NO. 91 Sun Coast Resources
G 127.7% R $697.8 million E 298
Sun Coast purchases petroleum products such as oil and lubricants from refineries and distributes them to customers ranging from convenience stores to construction companies. Kathy Lehne started the business in 1985 with $2,000; Sun Coast now distributes in 10 states.
NO. 92 City Fresh Foods
G 123.4% R $3 million E 32
Food is one of life's great pleasures, but you wouldn't know it from the stuff served in many schools and senior centers. For 12 years brothers Glynn and Sheldon Lloyd have been distributing well-prepared meals to seniors at home and in centers and to children in school and afterschool programs. City Fresh is a favorite of Boston's social venture capital community.
NO. 93 El Taller Colaborativo
G 123.1% R $10 million E 85
Alex Garcia is thinking big and broad. El Taller Colaborativo has shifted from a concentration in architecture and engineering, chiefly for government agencies, to a model that includes all aspects of real estate development and investment, with an emphasis on commercial clients. Garcia is having some staffers specially certified to work on environmentally friendly projects.
NO. 94 Flower City Health Care Service
G 120.4% R $4.6 million E 300
In the mid-'80s, Rick Thompson was a nurse at the same teaching hospital where he had been born and his mother had been a nurse. The institution, Thompson felt, was losing its focus on patients, and so he launched a company to provide home health care, with an emphasis on social services.

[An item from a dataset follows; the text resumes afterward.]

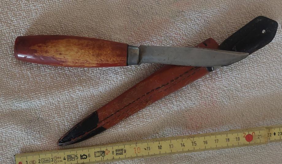Drvena drška bez oštećenja, original futrola. Nož je u dobrom stanju, potrebno lagano čišćenje, oštar.Stanje predmeta je identično kao na slikama.

NO. 95 Original Juan Specialty Foods
G 118.5% R $3 million E 24
After bad experiences running a restaurant chain and working with venture capitalists, Joe Polo and a partner began manufacturing hot sauces and related products as Original Juan. The company targets restaurants, specialty food stores, and mainstream groceries. Its sauces hit the shelves of Kroger last fall.
NO. 96 Coakley-Tech
G 117.6% R $12.2 million E 130
The Coakleys have been entrepreneurs for more than a century: Coakley-Tech was born in 1999 out of the fulfillment division of the family moving company. Neil Coakley and his daughter Peggy, the company's CEO, offer a mix of warehousing and storage facilities with higher-tech services such as digital media and printing on demand. In 2002 they hired former Xerox and Gartner executive Chris Illman as president. Coakley-Tech recently completed its first acquisition.
NO. 97 Merrit Press
G 112.9% R $2.7 million E 24
By age 13, David Lauderback was working at his father's printing shop; a dozen years later he had a printing business of his own. Lauderback sees printing as a high-tech game, and so he has invested in heat-set presses and Web-press technology that allow the company to print larger volumes faster. To diversify, Lauderback is adding direct-mail services.
NO. 98 CFj Manufacturing
G 111.5% R $22.4 million E 120
In 1983, Sharon Evans, who was newly divorced, started CFj Manufacturing to support her three children. Now all three work alongside her in a company that produces everything from jewelry to shirts to custom chocolates for employee reward programs.
NO. 99 Selrico Services
G 110.9% R $41.2 million E 1,396
Selrico often turns up in the thick of things. Recently the company has helped the Red Cross house hurricane evacuees, opened the largest mess hall in Iraq, and deployed workers to Pakistan to assist NATO with quake relief. The company provides everything from construction to recycling services.
NO. 100 Brightside Academy
G 109% R $27.7 million E 742
This is Brightside's sixth appearance on the IC 100, but the company, one of the largest providers of subsidized daycare in Pennsylvania, has had its travails--the story includes rapid expansion and humbling contraction. The company emerged from bankruptcy in 2005 and now operates 38 schools. And the drama continues: Brightside faces new competition from its founders, who recently launched a childcare chain in Pittsburgh.